■ Activity ■
Begin at the line that has "Beim Hoopfitness wird", stop after the line that has "개 견인 밧줄 작고 중간 개 조끼 목 걷는 밧줄 가슴 스트랩 테디 코기 개 체인", and print exactly those lines from the records below, without any pictures.

(Collected data entries)
##############################
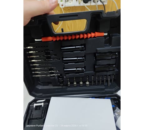 Удобство хранения. Поставляется с комплектом, включающим зарядное устройство 230В/50Гц, набор головок, бит, сверл и гибкий удлинитель, упакованных в практичный кейс для хранения и транспортировки.
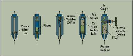 The first design shown in the illustration uses a corrosion-resistant porous metal filter to delay the pressure reading by about 10 seconds. Other designs provide shorter delays via fixed or variable pistons or restrictions. The advantage of an adjustable restriction is that if, for example, a pressure gauge is placed on the discharge of a compressor, one can see when the pointer cycling has stopped. Naturally, when one is interested in the measurement of fast, transient pressures (such as to initiate safety interlocks on rising pressures), snubbers must not be used, as they delay the response of the safety system.
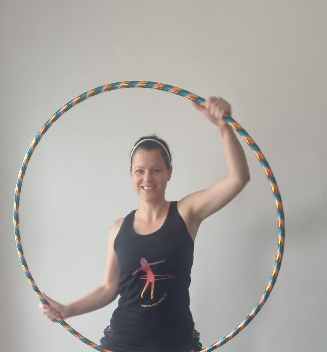 Beim Hoopfitness wird der Hula Hoop Reifen zum Fitnessgerät. Durch gezieltes Training der Muskeln ist Hoopfitness ein effektives Ganzkörpertraining mit dem das Herz-Kreislaufsystem in Schwung gebracht, die Ausdauer verbessert und die Fettverbrennung angekurbelt wird.
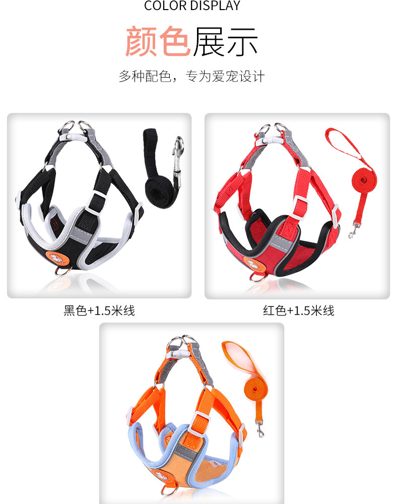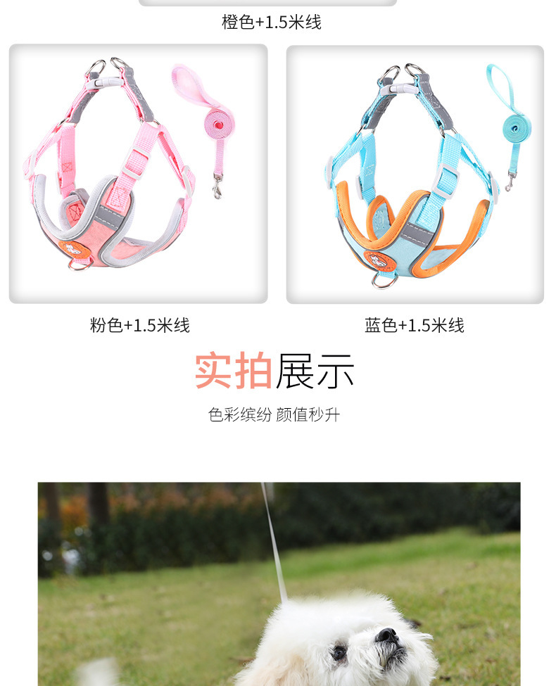 개 견인 밧줄 작고 중간 개 조끼 목 걷는 밧줄 가슴 스트랩 테디 코기 개 체인
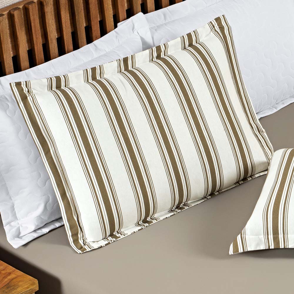 Jogo Cama Lençol Daily Casal Padrão Malha 100% Algodão Listrado 4 Peças - Bege
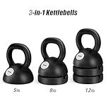Adjustable Kettlebell Weight Set: 3-in-1 Kettlebells (5lbs 8lbs 12lbs) for Home Gym Full-Body Workout Strength Training Weight Loss | Good for Beginners
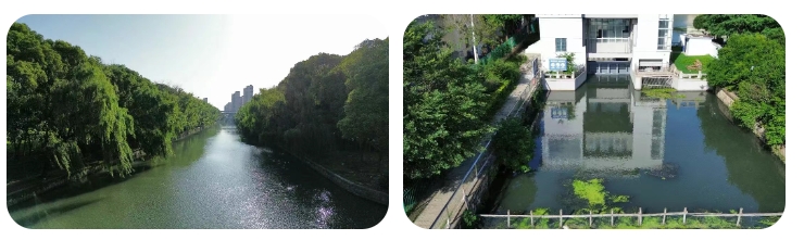 根據此前園區污防攻堅辦發布的水環境質量通報,轄區某河道水質有所惡化,商務區應環大隊環境執法人員立即行動,運用無人機對該河道及沿岸開展環境巡查。
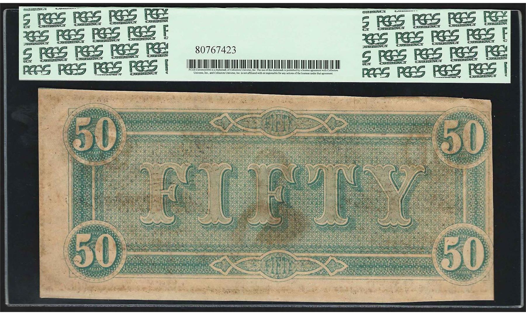 One 1864 $50 Confederate States of America Note T-66 PCGS New 62PPQ. PCGS Graded.
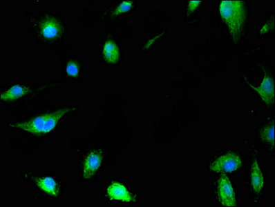 Immunofluorescent analysis of U251 cells using CSB-PA013714LA01HU at dilution of 1:100 and Alexa Fluor 488-congugated AffiniPure Goat Anti-Rabbit IgG(H+L)
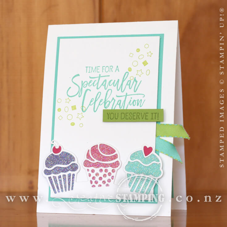 This birthday card has a bunch of fun techniques and a whole lot of wow-factor! I used the Birthday Cheer stamp set to stamp the words and confetti on the card front, and the coordinating Detailed Birthday Edgelits Dies to create a sparkly cupcake border...
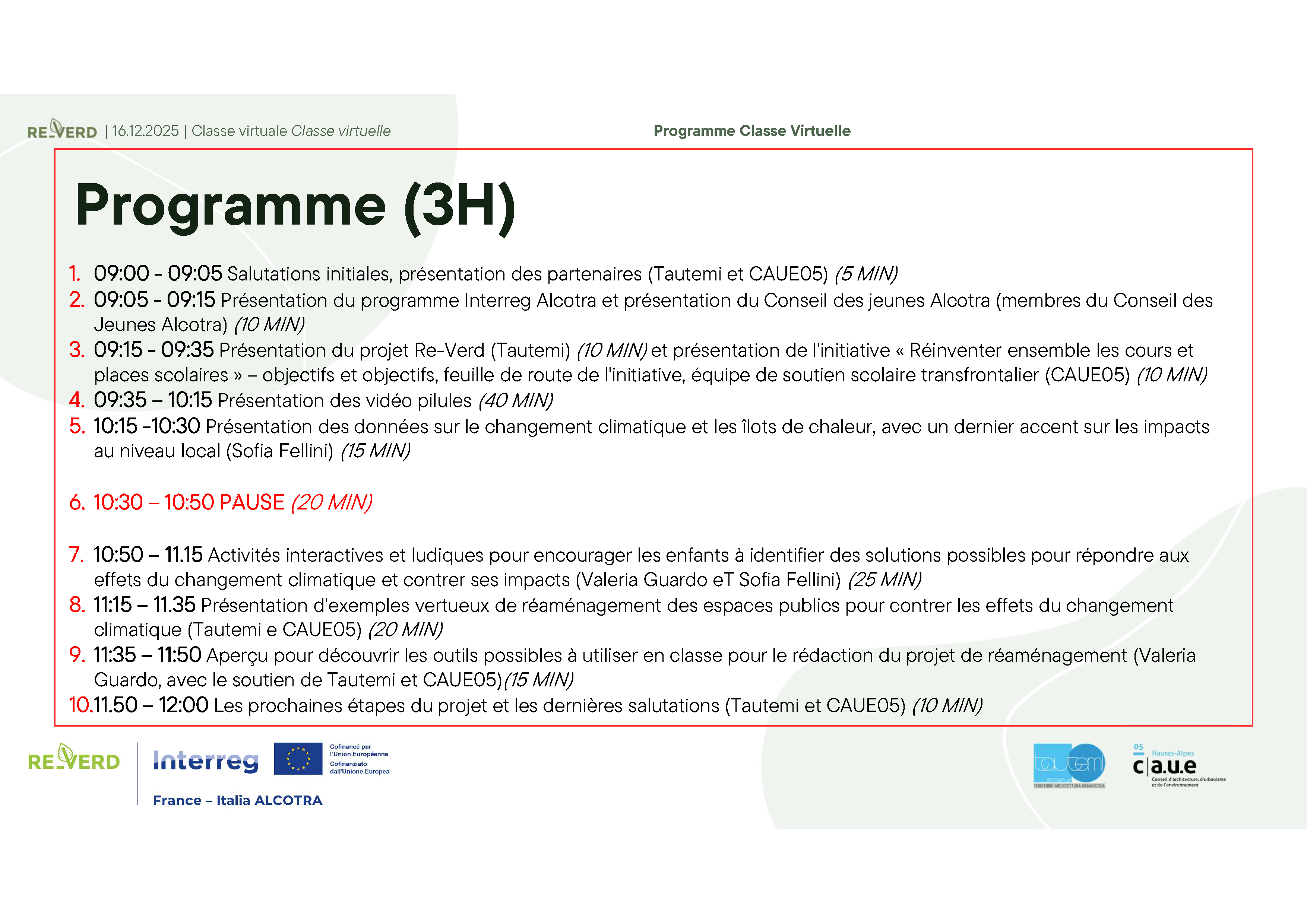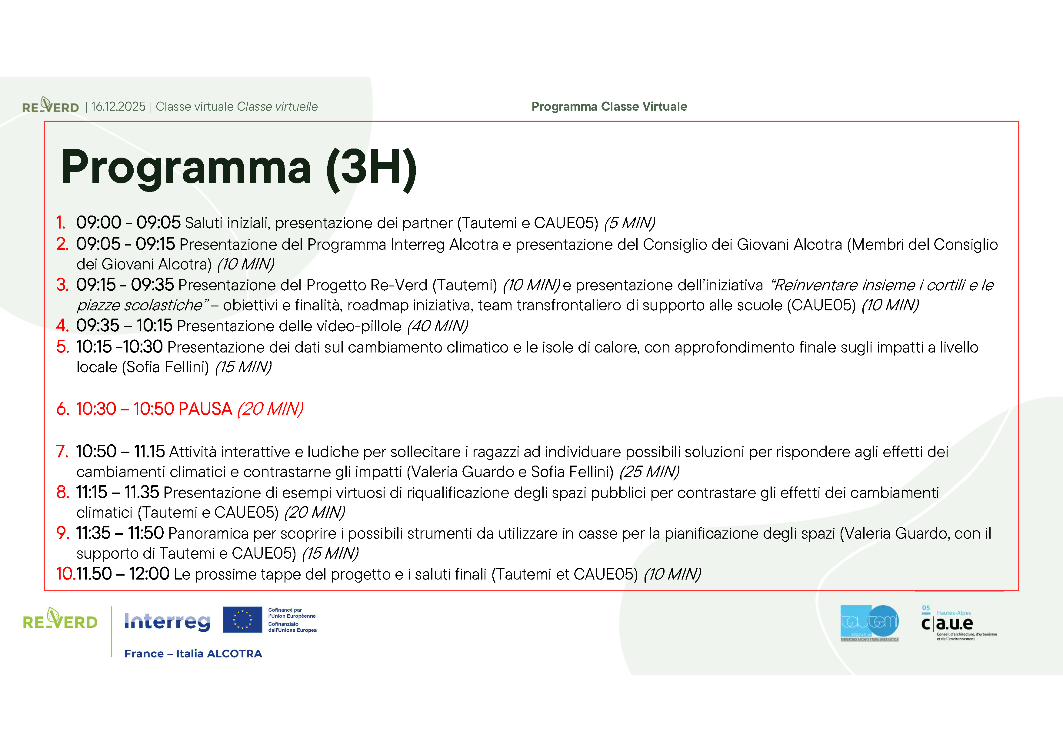 Tre ore di attività dinamiche e interattive animeranno la mattinata: laboratori, momenti di scambio e metodologie innovative pensate per stimolare la partecipazione attiva, aumentare la consapevolezza sugli effetti locali dei cambiamenti climatici e rafforzare il senso di appartenenza a uno stesso territorio transfrontaliero. Questa classe virtuale segna l’inizio del percorso di progettazione partecipata del progetto Re-verd. Nei prossimi mesi, ogni classe sarà accompagnata nell’elaborazione di una proposta di riqualificazione del cortile o della piazza scolastica, con l’obiettivo di rendere questi spazi più resilienti agli effetti del cambiamento climatico.
##############################
■ Written response ■
 Beim Hoopfitness wird der Hula Hoop Reifen zum Fitnessgerät. Durch gezieltes Training der Muskeln ist Hoopfitness ein effektives Ganzkörpertraining mit dem das Herz-Kreislaufsystem in Schwung gebracht, die Ausdauer verbessert und die Fettverbrennung angekurbelt wird.
 개 견인 밧줄 작고 중간 개 조끼 목 걷는 밧줄 가슴 스트랩 테디 코기 개 체인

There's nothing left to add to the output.